What needs to be done
From the data that follows, print exactly the lines starting at the one containing "A bird in the" and ending at the one containing "Figure 1. Alopecia"; include both of them and nothing more.

Records to process
········

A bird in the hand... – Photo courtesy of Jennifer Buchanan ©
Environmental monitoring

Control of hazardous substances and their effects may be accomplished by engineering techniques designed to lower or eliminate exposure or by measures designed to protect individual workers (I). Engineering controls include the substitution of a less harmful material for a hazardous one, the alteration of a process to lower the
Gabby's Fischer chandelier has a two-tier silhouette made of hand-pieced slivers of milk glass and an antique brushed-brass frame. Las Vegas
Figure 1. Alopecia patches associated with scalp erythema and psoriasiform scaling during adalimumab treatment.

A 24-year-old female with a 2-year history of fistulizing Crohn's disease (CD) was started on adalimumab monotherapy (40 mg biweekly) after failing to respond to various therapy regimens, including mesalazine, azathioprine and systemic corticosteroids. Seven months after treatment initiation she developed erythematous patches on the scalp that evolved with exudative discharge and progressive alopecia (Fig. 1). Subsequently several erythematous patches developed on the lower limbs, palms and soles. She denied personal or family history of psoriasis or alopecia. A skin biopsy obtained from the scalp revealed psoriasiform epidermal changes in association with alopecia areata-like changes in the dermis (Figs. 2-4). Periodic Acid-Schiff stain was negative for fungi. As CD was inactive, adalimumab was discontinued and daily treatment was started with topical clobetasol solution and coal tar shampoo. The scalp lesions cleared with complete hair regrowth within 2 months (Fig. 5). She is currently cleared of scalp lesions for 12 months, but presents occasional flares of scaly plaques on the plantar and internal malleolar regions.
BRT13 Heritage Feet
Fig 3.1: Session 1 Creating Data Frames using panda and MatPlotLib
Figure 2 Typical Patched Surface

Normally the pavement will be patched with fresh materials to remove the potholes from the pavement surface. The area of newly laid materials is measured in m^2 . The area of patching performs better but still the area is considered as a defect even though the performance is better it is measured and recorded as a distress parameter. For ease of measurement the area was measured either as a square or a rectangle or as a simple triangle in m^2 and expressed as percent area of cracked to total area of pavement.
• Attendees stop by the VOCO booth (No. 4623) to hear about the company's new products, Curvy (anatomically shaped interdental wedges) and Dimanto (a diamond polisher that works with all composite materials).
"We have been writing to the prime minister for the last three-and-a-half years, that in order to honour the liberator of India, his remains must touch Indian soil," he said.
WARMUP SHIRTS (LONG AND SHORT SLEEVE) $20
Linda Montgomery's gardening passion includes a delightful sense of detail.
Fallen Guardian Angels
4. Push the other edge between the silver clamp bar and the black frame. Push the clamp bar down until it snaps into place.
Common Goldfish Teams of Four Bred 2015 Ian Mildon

········

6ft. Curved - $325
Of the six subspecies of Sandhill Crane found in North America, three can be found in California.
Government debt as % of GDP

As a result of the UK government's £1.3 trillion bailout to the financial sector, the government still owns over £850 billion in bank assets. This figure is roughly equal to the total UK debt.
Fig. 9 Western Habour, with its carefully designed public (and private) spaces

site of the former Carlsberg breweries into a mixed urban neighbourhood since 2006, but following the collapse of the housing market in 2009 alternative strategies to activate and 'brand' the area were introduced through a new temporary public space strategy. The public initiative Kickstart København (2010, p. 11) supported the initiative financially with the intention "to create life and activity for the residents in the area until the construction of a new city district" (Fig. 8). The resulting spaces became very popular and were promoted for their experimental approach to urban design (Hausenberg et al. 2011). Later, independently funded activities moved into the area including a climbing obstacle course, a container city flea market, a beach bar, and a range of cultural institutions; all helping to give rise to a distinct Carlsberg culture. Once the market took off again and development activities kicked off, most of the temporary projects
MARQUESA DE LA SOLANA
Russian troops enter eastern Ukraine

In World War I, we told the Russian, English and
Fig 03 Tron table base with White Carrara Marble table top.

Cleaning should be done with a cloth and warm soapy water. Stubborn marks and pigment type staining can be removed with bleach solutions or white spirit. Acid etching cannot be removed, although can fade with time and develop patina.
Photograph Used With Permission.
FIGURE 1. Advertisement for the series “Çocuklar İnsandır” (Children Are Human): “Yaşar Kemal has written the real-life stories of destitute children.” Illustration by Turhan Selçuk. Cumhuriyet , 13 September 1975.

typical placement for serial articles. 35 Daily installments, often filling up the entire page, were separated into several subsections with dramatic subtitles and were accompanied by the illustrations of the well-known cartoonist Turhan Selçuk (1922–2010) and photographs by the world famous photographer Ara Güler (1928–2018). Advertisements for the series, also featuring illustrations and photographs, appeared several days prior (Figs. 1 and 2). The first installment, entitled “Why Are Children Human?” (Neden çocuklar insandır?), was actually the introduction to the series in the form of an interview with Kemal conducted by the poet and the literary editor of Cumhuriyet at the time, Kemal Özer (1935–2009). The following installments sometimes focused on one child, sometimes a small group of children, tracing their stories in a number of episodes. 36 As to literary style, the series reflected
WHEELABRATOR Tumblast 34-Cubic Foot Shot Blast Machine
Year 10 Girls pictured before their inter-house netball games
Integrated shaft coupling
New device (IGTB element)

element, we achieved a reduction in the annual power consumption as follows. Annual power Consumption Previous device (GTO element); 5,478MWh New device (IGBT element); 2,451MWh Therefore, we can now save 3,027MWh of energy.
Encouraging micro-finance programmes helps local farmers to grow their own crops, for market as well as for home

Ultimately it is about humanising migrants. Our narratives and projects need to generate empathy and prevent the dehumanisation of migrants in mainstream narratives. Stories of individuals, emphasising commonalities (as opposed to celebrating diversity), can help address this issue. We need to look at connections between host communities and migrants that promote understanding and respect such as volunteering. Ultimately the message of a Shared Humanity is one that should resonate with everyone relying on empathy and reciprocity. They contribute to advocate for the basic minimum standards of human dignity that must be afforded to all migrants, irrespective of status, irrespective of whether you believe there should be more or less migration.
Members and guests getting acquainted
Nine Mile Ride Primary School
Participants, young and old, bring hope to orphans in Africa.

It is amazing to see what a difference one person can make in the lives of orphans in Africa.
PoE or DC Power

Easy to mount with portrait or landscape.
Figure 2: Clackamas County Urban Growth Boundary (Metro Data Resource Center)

········

Solution for this exercise
A bird in the hand... – Photo courtesy of Jennifer Buchanan ©
Environmental monitoring

Control of hazardous substances and their effects may be accomplished by engineering techniques designed to lower or eliminate exposure or by measures designed to protect individual workers (I). Engineering controls include the substitution of a less harmful material for a hazardous one, the alteration of a process to lower the
Gabby's Fischer chandelier has a two-tier silhouette made of hand-pieced slivers of milk glass and an antique brushed-brass frame. Las Vegas
Figure 1. Alopecia patches associated with scalp erythema and psoriasiform scaling during adalimumab treatment.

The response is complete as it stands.